Design and synthesis of cyclometalated iridium-based polymer dots as photocatalysts for visible light-driven hydrogen evolution

The organic semiconducting polymer dots (Pdot) or nanoparticles exhibited a promising efficiency as photocatalyst for hydrogen production. This study reported a new Pdot-based photocatalyst constructed in the form of Donor-Acceptor-Metal cocatalyst (D-A-Mcat). These D-A-Mcat Pdots systems consisting of fluorene (F) as the donor, thienyl-benzo-dithiophene-dione (TBDD) as the acceptor and [Ir (TPy)2 (acac)] as the metal complex, and their structural, thermal, electrochemical and photophysical properties were systematically demonstrated for the first time. Introducing the cyclometalated iridium (III) complex comonomer into the polymer chain resulting in PFTBDD-IrTPy Pdots showed enhancement of the hydrogen evolution rates, which is over 20-times higher than those of pure polymer (PFTBDD Pdots) under otherwise identical conditions.

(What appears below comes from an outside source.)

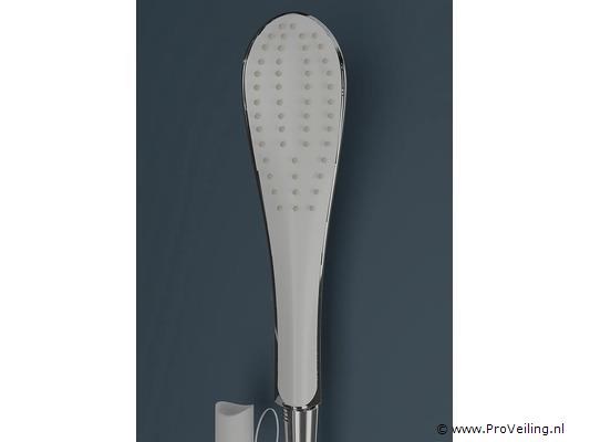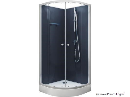 Complete doucheopstelling bestaande uit cabine, spoelbak/bodem, doucheset en wandplank; afmetingen: 85x85x195cm.

In addition, the optical and electrical measurements indicated that the cyclometalated iridium (III) part have an important function for inhibiting the charge recombination of the PFTBDD-IrTPy Pdots during the photocatalytic reaction. The result strongly implies that inserted catalytic amount of Ir(III)-complex into the D-A polymers is beneficial for the enhancement of photocatalytic hydrogen evolution, which can inspire further optimization and greater molecular design strategies at a low-cost are highly desirable for the development of high-performance in photocatalysis.